Below is a listing; transcribe it exactly but without any images.

Dataset excerpt:

BEGIN

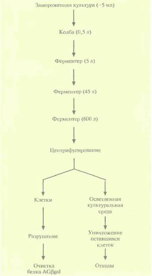 | Рис. 16.6. Схематическое представление промышленного синтеза белка AGßgai. В скобках указан объем культуральной среды на каждом этапе. На ее долю приходится от 60 до 75% объема соответствующих биореакторов (ферментеров). |
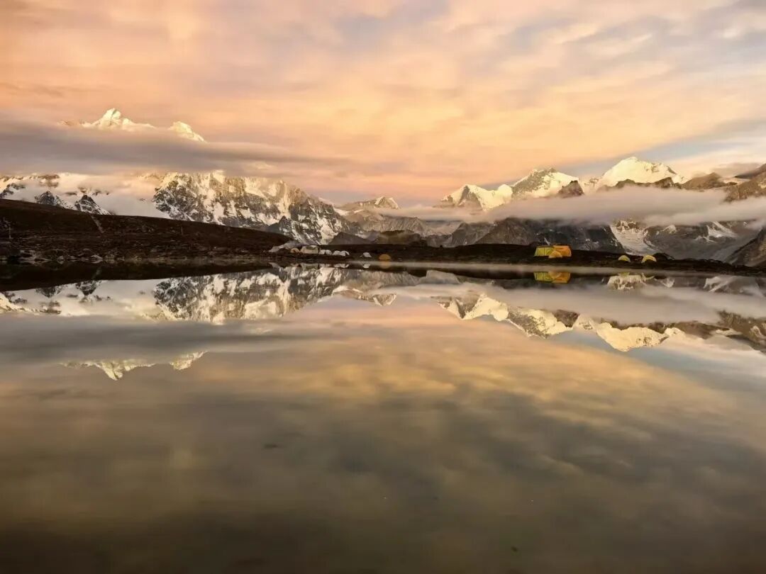 措学仁玛两天一 夜的驻足,如镜面般倒映着四周巍峨雪山,晨曦与黄昏时分,光影交错,风景非震撼两字能形容......
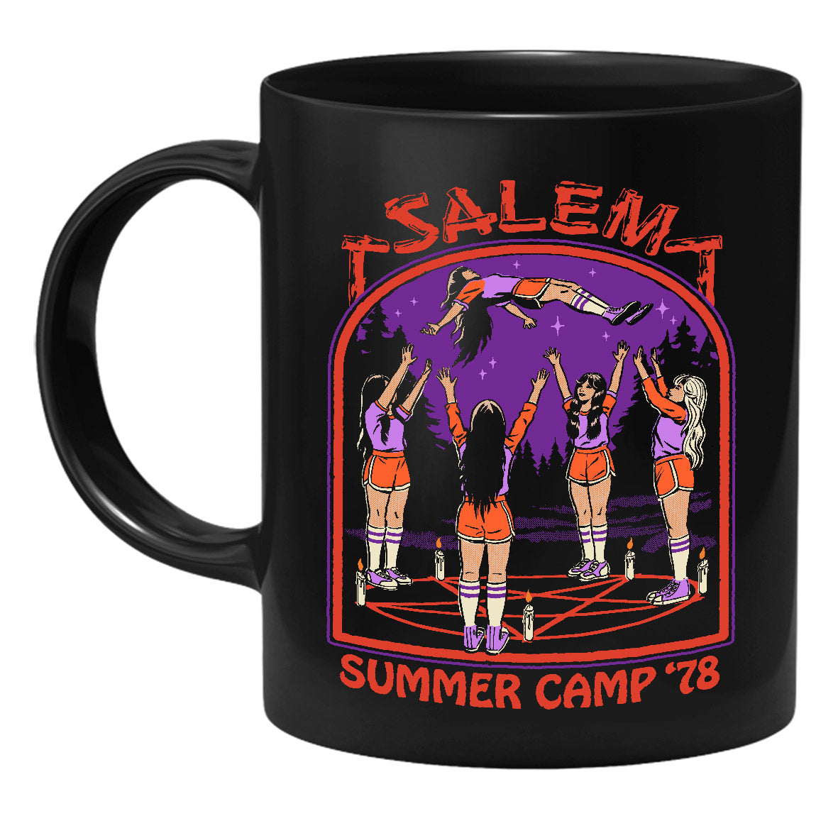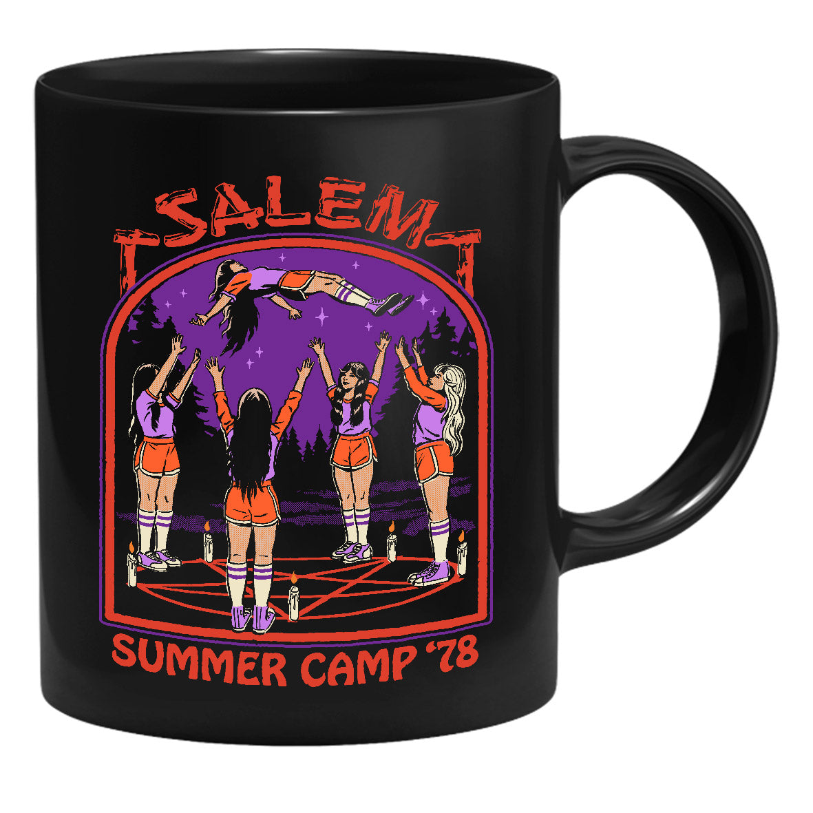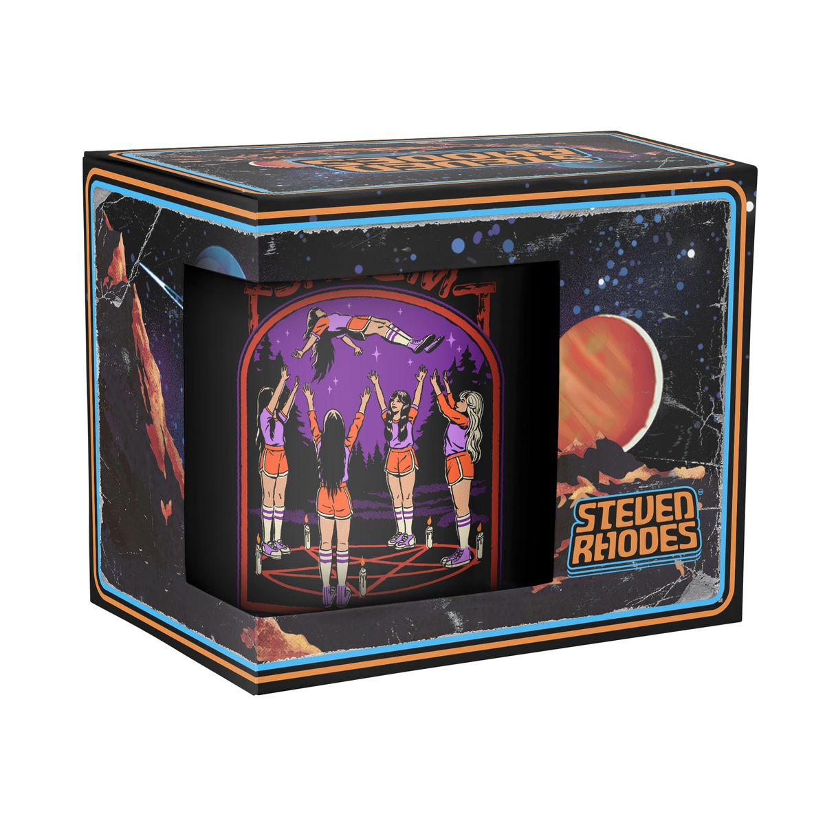 Die Tasse zeigt vier Mädchen in einem Pentagram, die ein fünftes Mädchen schweben lassen.

END

Worked solution:
 | Рис. 16.6. Схематическое представление промышленного синтеза белка AGßgai. В скобках указан объем культуральной среды на каждом этапе. На ее долю приходится от 60 до 75% объема соответствующих биореакторов (ферментеров). |
 措学仁玛两天一 夜的驻足,如镜面般倒映着四周巍峨雪山,晨曦与黄昏时分,光影交错,风景非震撼两字能形容......
 Die Tasse zeigt vier Mädchen in einem Pentagram, die ein fünftes Mädchen schweben lassen.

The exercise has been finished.